On top of that, the state has been largely unable to stimulate the kind of domestic consumer demand to compensate for the drop in exports. A middle class has developed, which is buying lots of cars and luxury apartments. But it isn’t very broad, and it certainly can’t make up for the drop in international demand.
So with the economy slowing, people, even much of the middle class, are scared to spend money if they have it. Instead, they’re saving it to pay for necessities like housing, health care and pensions, which the state doesn’t provide. As a result, the state hasn’t been able to stimulate domestic consumption to replace the drop in exports.
Finally, the state has developed a long-term plan to drive investment and development inland from the East Coast cities, with the hope that many migrants would return to their former homes.
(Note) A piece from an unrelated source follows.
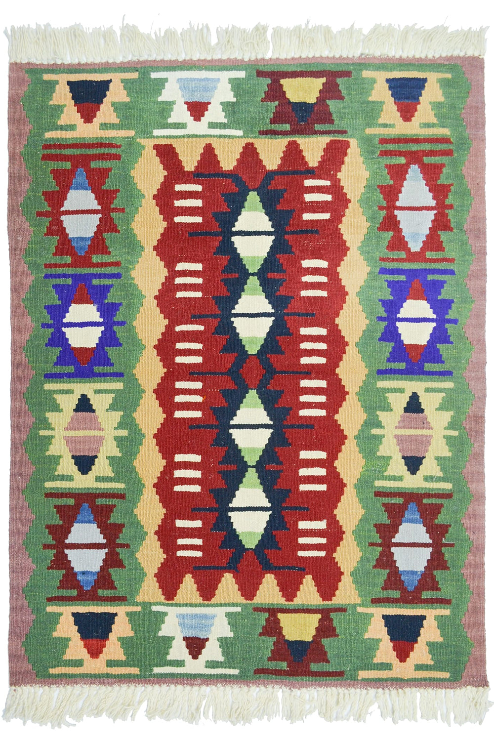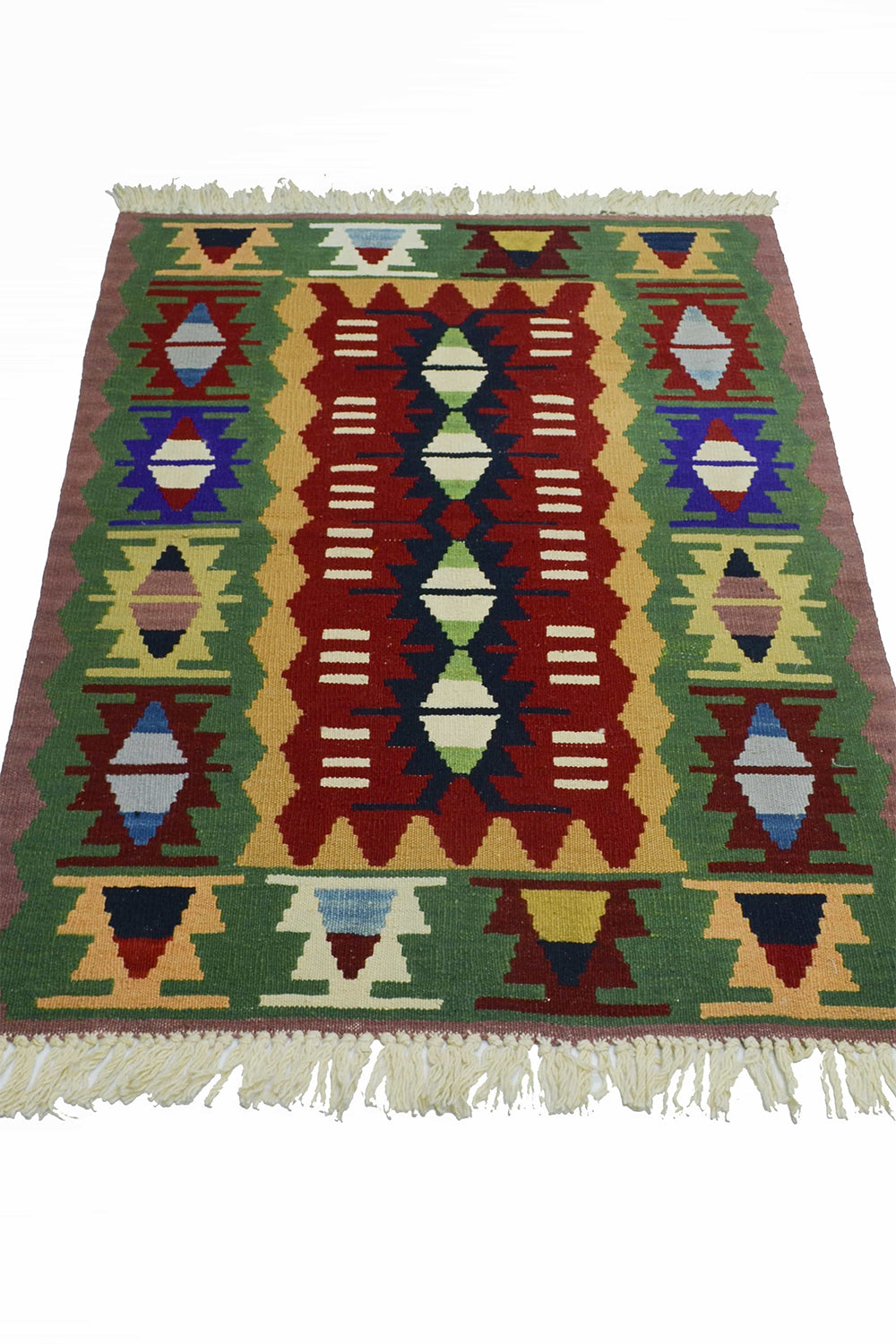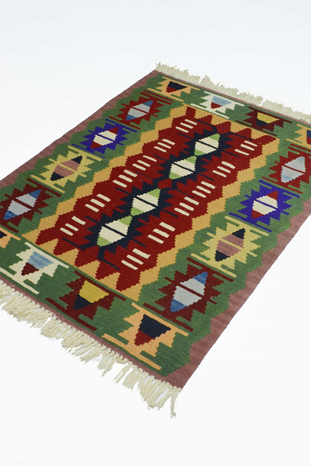 El dokuma Uşak kök ince kilim, %100 yün ipliklerle geleneksel Anadolu dokuma teknikleri kullanılarak üretilmiştir. Doğal kök boyalarla elde edilen yeşil ve kırmızı renkler kilime güçlü, dengeli ve özgün bir karakter kazandırır. İnce dokuma yapısı sayesinde hafif ve kullanışlı olan bu kilim, 90x112 cm ölçüsüyle küçük alanlar, girişler ve dekoratif köşeler için ideal bir kullanım sunar.

But because the government is also loosening the household registration requirements, a lot of migrants aren’t going back home. They’re staying in the coastal cities. As a result, the state’s inland development push has built ghost cities, with giant housing complexes standing empty and unused.
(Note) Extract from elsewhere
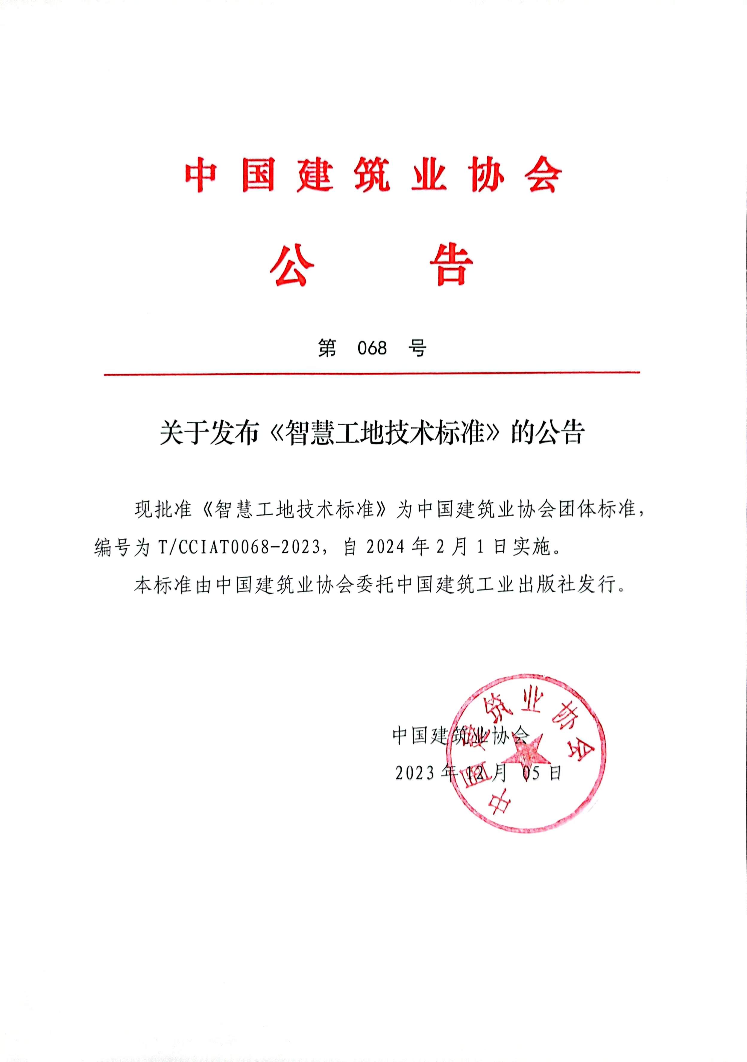 关于发布《智慧工地技术标准》的公告

HAVE WORKERS started to build new organizations to mount resistance amid the slowdown and repression?
YES, BUT it’s very early in the process. It’s very, very difficult for workers to network, for activists to network, for students to network. The state is vigilant in disrupting such efforts.
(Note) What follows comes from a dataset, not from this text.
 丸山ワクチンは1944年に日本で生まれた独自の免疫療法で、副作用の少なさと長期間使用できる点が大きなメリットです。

Here’s an example. I’ve been associated with Sun Yat-sen University in Guangzhou for the last 10 years. In the period of relative liberalism under Hu Jintao, we managed to start an international labor center within the School of Government. We conducted research involving labor scholars, trade unionists, economists, historians and labor lawyers, including both Chinese practitioners and foreign practitioners. That produced a lot of really wonderful research, classes and workshops.
The authorities shut it down last year. They gave no reason–they just closed it, all of sudden. The scholars, students, activists and workers who knew one another through the program have tried to stay in touch and continue our work. But we can’t do it in a formal way any longer.
The Labor Center clearly provoked concern among the authorities. When I was detained and interrogated, they asked me about the Labor Center, as if it was still ongoing. I said to them, “You know it was closed last year. There is no more Labor Center.” But they persisted. They asked me, “When you were in Guangzhou, who did you talk with? Did you meet with your colleagues? Why did you meet with former students?”
That gives you a sense of the scale of scrutiny that activists are under. People’s e-mails, phones and meetings are all surveilled. Even when people use social media, which they do a lot, it suffers almost immediate censorship. So while there is a robust international solidarity campaign on behalf of the detained labor activists, there is nothing like this going on inside China itself. It’s virtually impossible to even get information about the detentions there.
WHAT CAN unionists and activists in the U.S. do to help with the defense campaign?
PEOPLE CAN do a number of things.
There are several good websites for more information. You can follow the solidarity efforts on Free Chinese Labour Activists, Red Balloon Solidarity or Chuang. There are also petitions circulating, including one for organizations and individuals that was initiated by the Hong Kong Confederation of Trade Unions and picked up by LabourStart.
For those at universities or foundations with connections to China, there are opportunities for people to work through them to raise questions about the detentions.
There are some key organizations in various cities that activists can reach out to help with solidarity actions. In San Francisco, the key organization is the Chinese Progressive Association. There’s a group in Seattle called the Pacific Rim Solidarity Network, or PARISOL, which is also doing some important work. In New York City, there is the Committee Against Anti-Asian Violence.